> **PROBLEM DETAILS**: In the copy, include every record below exactly as it appears, but no pictures.

-------- THE INPUT

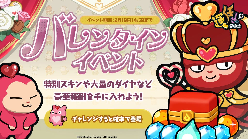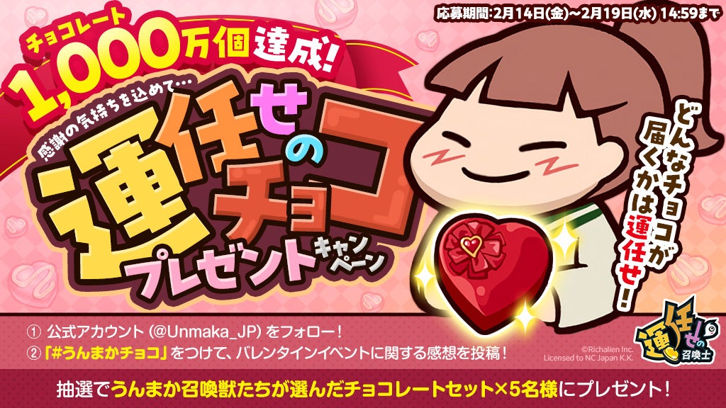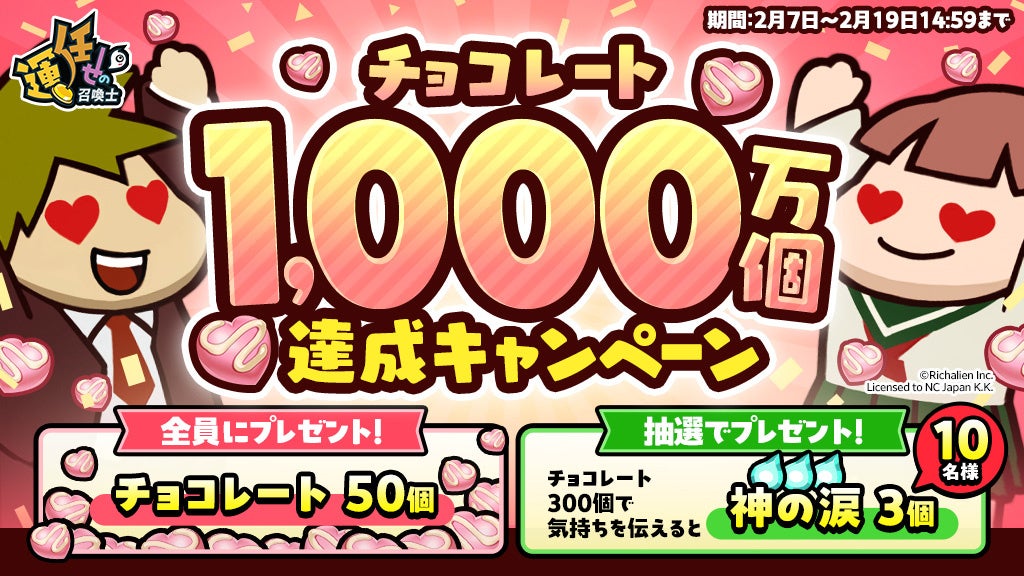 エヌ・シー・ジャパン株式会社(本社:東京都港区、代表取締役:林元基(イムウォンキ)、以下エヌシージャパン)は、カジュアルタワーディフェンスゲーム「運任せの召喚士」にて、2025年2月14日(金)に現在開催中のバレンタインイベントで累計1,000万個のチョコレートが贈られたことを記念したキャンペーンの開催、および次回アップデート予告の公開をお知らせします。
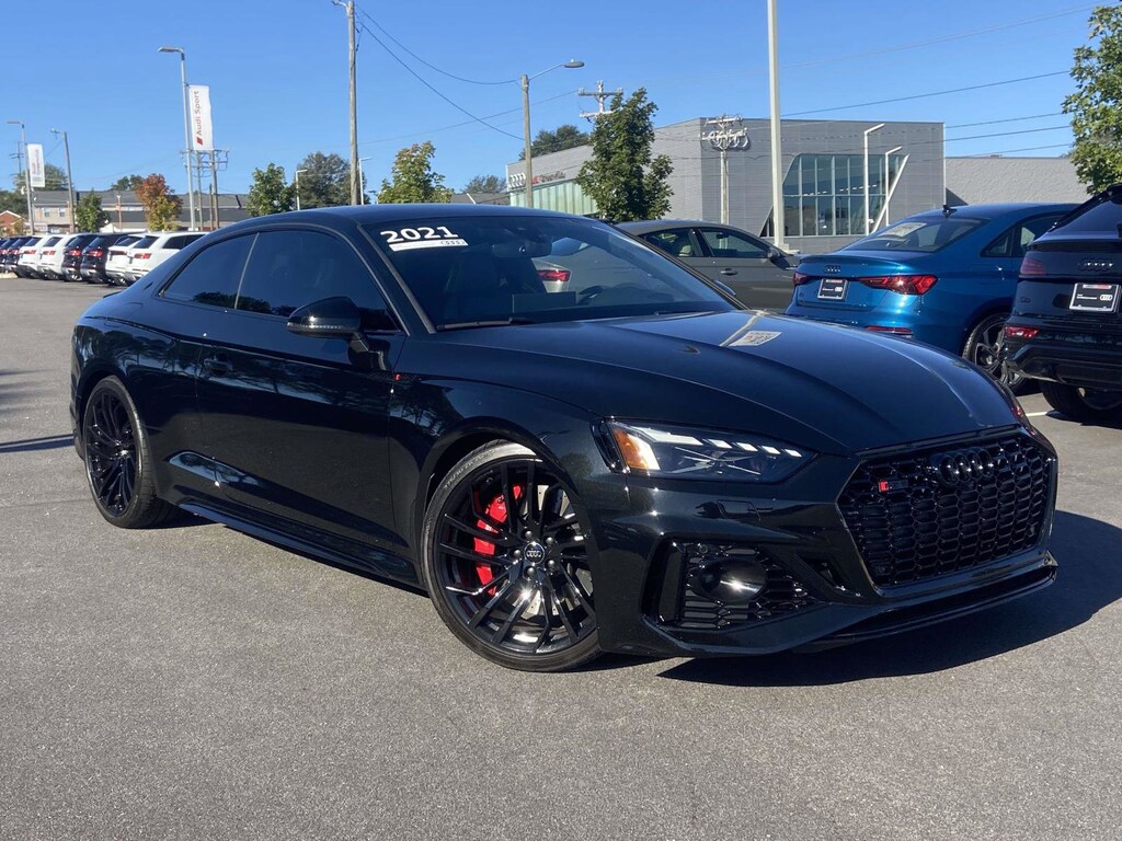 1 of 100 Black Optic Launch Edition Coupes Produced - 2021 Audi RS 5 2.9T quattro Mythos Black Metallic quattro 8-Speed Automatic with Tiptronic 2.9L V6 Turbocharged DOHC 24V LEV3-ULEV70 444hp 2021 Audi RS 5 2.9T Mythos Black Metallic, AUDI GREENVILLE CALL 864-213-1630 Ask for Audi sales for more info! *All prices exclude IMF, appli, Bang & Olufsenr sound system with 3D sound, 3-Spoke Flat-Bottom Steering Wheel in Alcantara, Audi Side Assist w/Pre-Sense Rear, Audi smartphone interface with Apple CarPlay, Black Audi Rings & Badges, Black Optic Launch Edition w/Mythos Black Metallic, Dynamic Package, Dynamic Steering, Fine Nappa Leather Seating Surfaces, High-Gloss Black Exterior Elements, High-Gloss Black Exterior Mirror Housings, High-Gloss Black Fr Spoiler & Rr Diffuser Trim, Navigation Package, RS Design Package Interior w/Red Stitching, RS Driver Assistance Package, RS Sport Exhaust System w/Black Tips, RS Sport Suspension Plus w/Dynamic Ride Control, Wheels: 20 5-Segment-Spoke-Evo High-Gloss Black.
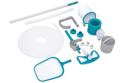 Set obsahuje: povrchový skimmer na listy, který výrazně usnadňuje čištění bazénu. Bazénový vysavač na stěny a podlahu bazénu. Skimmer na manuální odstranění plovoucích nečistot. Nastavitelná násada (279 cm)
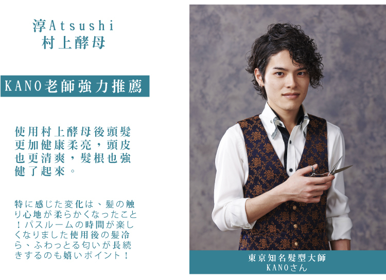 | 產品特色 | 村上酵母由村上先生與日本東京農業大學合作開發!找出呼吸酵母中的珍貴成分,維生素H及多重營養配方對於髮絲頭皮有極大的幫助。整套系列為日式專業髮型沙龍使用商品,完整三步驟打造完美髮質。洗髮泡適用於任何髮質,胺基酸配方泡沫柔細,不造成髮絲磨損,即使柔嫩頭皮也能放心使用。獨家研發呼吸酵母可修復來自燙髮及染髮的損傷,咖啡因有助於秀髮的健康代謝及賦活,海鹽改善頭皮油脂,避免頭髮厚重,幫助盈潤豐髮,活順髮絲。 |
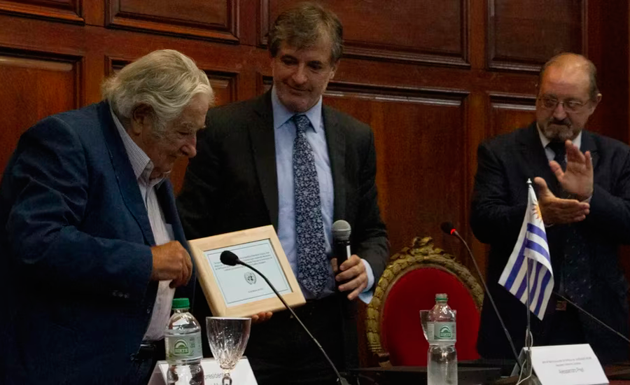 Mujica, quien fue jefe de Estado en su país para el periodo 2010-2015, recibió el reconocimiento en una ceremonia que se realizó en el paraninfo de la Universidad de la República en Montevideo, donde el encargado de entregarle la placa conmemorativa fue el mismo jefe de reincorporación de la Misión de Verificación de las Naciones Unidas en Colombia, Alessandro Preti.
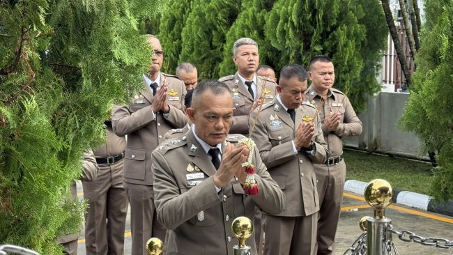 เมื่อเวลา 08.00 น. วันที่ 17 ต.ค. 68 ที่ทำการตรวจคนเข้าเมือง จ.นราธิวาส ซึ่งตั้งอยู่ อ.สุไหงโก-ลก จ.นราธิวาส พ.ต.อ.พูลศักดิ์ แก้วสีขาว ผกก..ตม.จว.นราธิวาส ได้จัดกิจกรรมเนื่องในวันตำรวจ ประจำปี 2568 ขึ้น ด้วยการยืนตรงเคารพธงชาติหน้าเสาธงอย่างพร้อมเพรียงกัน ก่อนที่ พ.ต.อ.พูลศักดิ์ ผกก.ตม.จว.นราธิวาส จะอ่านสารของ พล.ต.อ.กิตติ์รัฐ พันธุ์เพ็ชร์ ผบ.ตร.ให้ข้าราชการตำรวจ มีความสำนึกในบทบาทหน้าที่สมกับเป็นผู้พิทักษ์สันติราษฎร์ ที่เป็นพลังสำคัญในการสร้างความมั่นคงปลอดภัยให้กับสังคมไทย

----------------

> **COMPLETED EXERCISE**:
 エヌ・シー・ジャパン株式会社(本社:東京都港区、代表取締役:林元基(イムウォンキ)、以下エヌシージャパン)は、カジュアルタワーディフェンスゲーム「運任せの召喚士」にて、2025年2月14日(金)に現在開催中のバレンタインイベントで累計1,000万個のチョコレートが贈られたことを記念したキャンペーンの開催、および次回アップデート予告の公開をお知らせします。
 1 of 100 Black Optic Launch Edition Coupes Produced - 2021 Audi RS 5 2.9T quattro Mythos Black Metallic quattro 8-Speed Automatic with Tiptronic 2.9L V6 Turbocharged DOHC 24V LEV3-ULEV70 444hp 2021 Audi RS 5 2.9T Mythos Black Metallic, AUDI GREENVILLE CALL 864-213-1630 Ask for Audi sales for more info! *All prices exclude IMF, appli, Bang & Olufsenr sound system with 3D sound, 3-Spoke Flat-Bottom Steering Wheel in Alcantara, Audi Side Assist w/Pre-Sense Rear, Audi smartphone interface with Apple CarPlay, Black Audi Rings & Badges, Black Optic Launch Edition w/Mythos Black Metallic, Dynamic Package, Dynamic Steering, Fine Nappa Leather Seating Surfaces, High-Gloss Black Exterior Elements, High-Gloss Black Exterior Mirror Housings, High-Gloss Black Fr Spoiler & Rr Diffuser Trim, Navigation Package, RS Design Package Interior w/Red Stitching, RS Driver Assistance Package, RS Sport Exhaust System w/Black Tips, RS Sport Suspension Plus w/Dynamic Ride Control, Wheels: 20 5-Segment-Spoke-Evo High-Gloss Black.
 Set obsahuje: povrchový skimmer na listy, který výrazně usnadňuje čištění bazénu. Bazénový vysavač na stěny a podlahu bazénu. Skimmer na manuální odstranění plovoucích nečistot. Nastavitelná násada (279 cm)
 | 產品特色 | 村上酵母由村上先生與日本東京農業大學合作開發!找出呼吸酵母中的珍貴成分,維生素H及多重營養配方對於髮絲頭皮有極大的幫助。整套系列為日式專業髮型沙龍使用商品,完整三步驟打造完美髮質。洗髮泡適用於任何髮質,胺基酸配方泡沫柔細,不造成髮絲磨損,即使柔嫩頭皮也能放心使用。獨家研發呼吸酵母可修復來自燙髮及染髮的損傷,咖啡因有助於秀髮的健康代謝及賦活,海鹽改善頭皮油脂,避免頭髮厚重,幫助盈潤豐髮,活順髮絲。 |
 Mujica, quien fue jefe de Estado en su país para el periodo 2010-2015, recibió el reconocimiento en una ceremonia que se realizó en el paraninfo de la Universidad de la República en Montevideo, donde el encargado de entregarle la placa conmemorativa fue el mismo jefe de reincorporación de la Misión de Verificación de las Naciones Unidas en Colombia, Alessandro Preti.
 เมื่อเวลา 08.00 น. วันที่ 17 ต.ค. 68 ที่ทำการตรวจคนเข้าเมือง จ.นราธิวาส ซึ่งตั้งอยู่ อ.สุไหงโก-ลก จ.นราธิวาส พ.ต.อ.พูลศักดิ์ แก้วสีขาว ผกก..ตม.จว.นราธิวาส ได้จัดกิจกรรมเนื่องในวันตำรวจ ประจำปี 2568 ขึ้น ด้วยการยืนตรงเคารพธงชาติหน้าเสาธงอย่างพร้อมเพรียงกัน ก่อนที่ พ.ต.อ.พูลศักดิ์ ผกก.ตม.จว.นราธิวาส จะอ่านสารของ พล.ต.อ.กิตติ์รัฐ พันธุ์เพ็ชร์ ผบ.ตร.ให้ข้าราชการตำรวจ มีความสำนึกในบทบาทหน้าที่สมกับเป็นผู้พิทักษ์สันติราษฎร์ ที่เป็นพลังสำคัญในการสร้างความมั่นคงปลอดภัยให้กับสังคมไทย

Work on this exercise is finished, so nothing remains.